Friday, November 04, 2016



Canada spies on journalists

Another week, another example of police spying on journalists - this time in Canada:

Rights campaigners are among those sounding the alarm over the erosion of press freedom in Canada after it emerged that police in Montreal had spent several months monitoring the phone of a journalist in order to identify his sources.

La Presse, one of Canada’s oldest and largest newspapers, said on Monday that at least 24 surveillance warrants were obtained by Montreal police to track the phone of columnist Patrick Lagacé. The warrants enabled the force’s special investigation unit to track Lagacé’s whereabouts using the GPS in his phone, as well as monitor incoming and outgoing text messages and calls.

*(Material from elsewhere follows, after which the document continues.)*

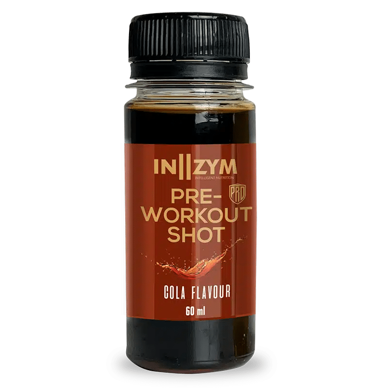 IN2ZYM PWO Shot – Cola (60 ml) Energirige pre workout shots fra IN2ZYM. Højt koffeinindhold Lækre smagsvarianter Hvert shot indeholder hele 200 mg koffein og aminosyrerne; beta-alanin, l-arginin, l-citrullin og l-carnitin. Anbefalet daglig dosis 30 ml (½ flaske). Anbefalet daglig dosis må ikke overskrides. Kosttilskud må ikke træde i stedet for en varieret og sund kost. Bør opbevares uden for små børns rækkevidde. Næringsindhold Næringsindhold NÆRINGSINDHOLD 1 PORTION (30 ML) % RI* Beta-alanin 1.000 mg L-Arginin 1.000 mg L-Citrullin 500 mg L-Carnitin 250 mg Koffein 100 mg Vitamin B6 0,7 mg 50 % Vitamin B12 (cyanokobolamin) 1,25 µg 50 % *Dagligt referenceindtag (RI) af vitaminer og mineraler for voksne. Kosttilskud med aminosyrer, koffein og vitaminer, med smag af cola. Indeholder sødestoffer, indeholder højt koffeinindhold (100 mg pr. anbefalet daglig dosis). Bør ikke indtages af børn og gravide. Ingredienser: Vand, beta-alanin, L-arginin, L-citrullin, L-carnitin, koffein, konserveringsmiddel (E211, E202), aroma, farvestof (E150c), sødestof (sukralose), vitamin B6 (pyridoxinhydrochlorid), vitamin B12 (cyanokobolamin).
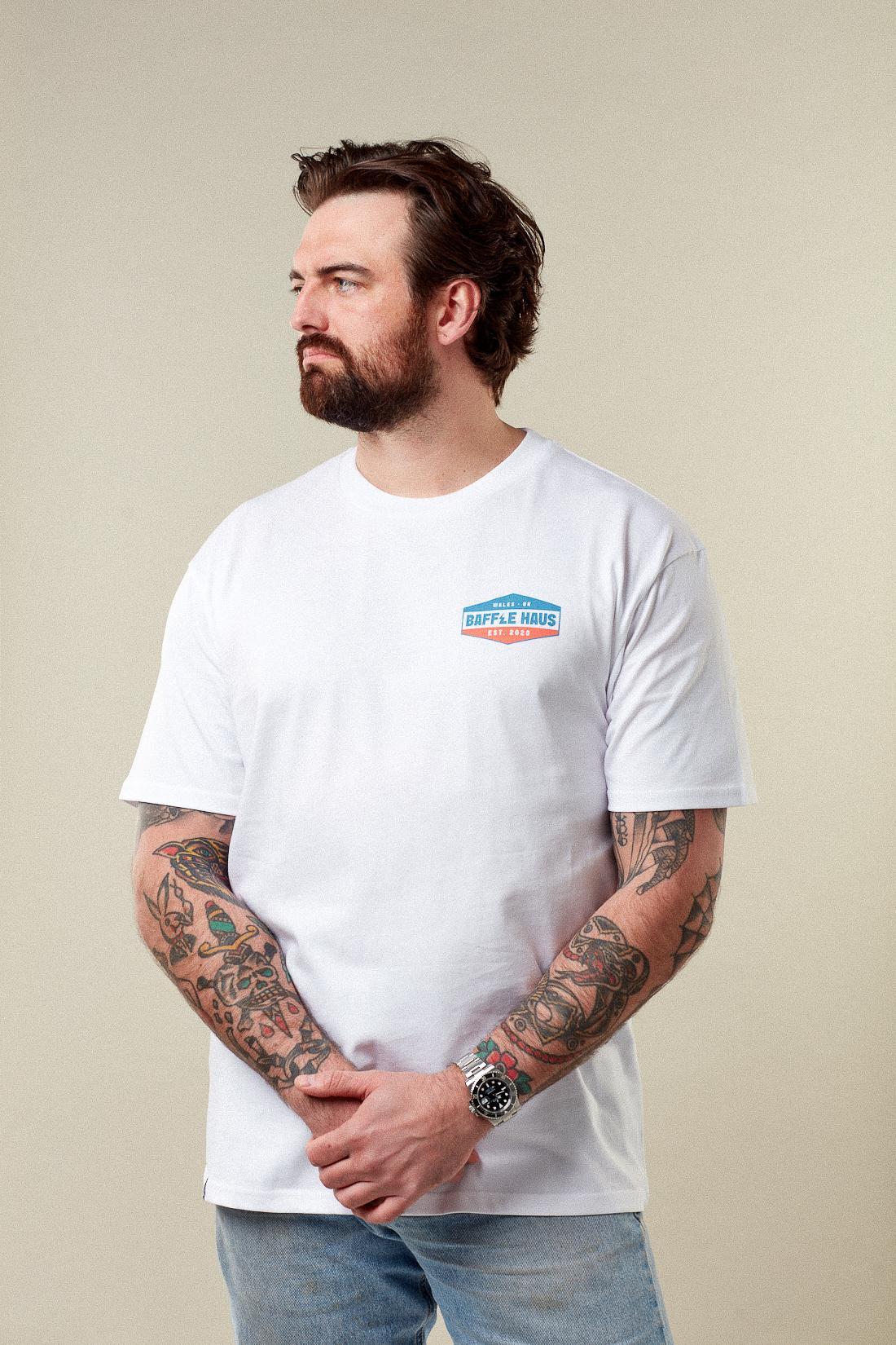 A clean essential built for everyday wear. The Baffle Haus Retro Tee in Crisp White is crafted from 100% soft cotton, offering a comfortable standard fit.

The revelations left Lagacé shaken. “I was appalled,” he said. “I was living in the fiction that police officers wouldn’t dare do that, and in the fiction that judges were protecting journalists – and hence the public – against this type of police intrusion.”


Lagacé isn't alone. It turns out that Quebec police have spied on at least six other journalists (and another one today), all in an effort to uncover their sources, often for the dubious purpose of shutting down leaks. All of these cases of spying would have been judicially authorised, though as with the Hager case here there are natural questions about whether they disclosed all that they should have done in seeking the warrants. The Quebec government has set up an inquiry to try and get the issue out of the media, but the fundamental problem is that Canadian (and New Zealand) law allows this sort of spying in the first place, with no special protection for the public interest work journalists do. The solution is to write those protections into the law, rather than just relying on caselaw, to create a strong presumption against police and spy agencies interfering in the work of the media.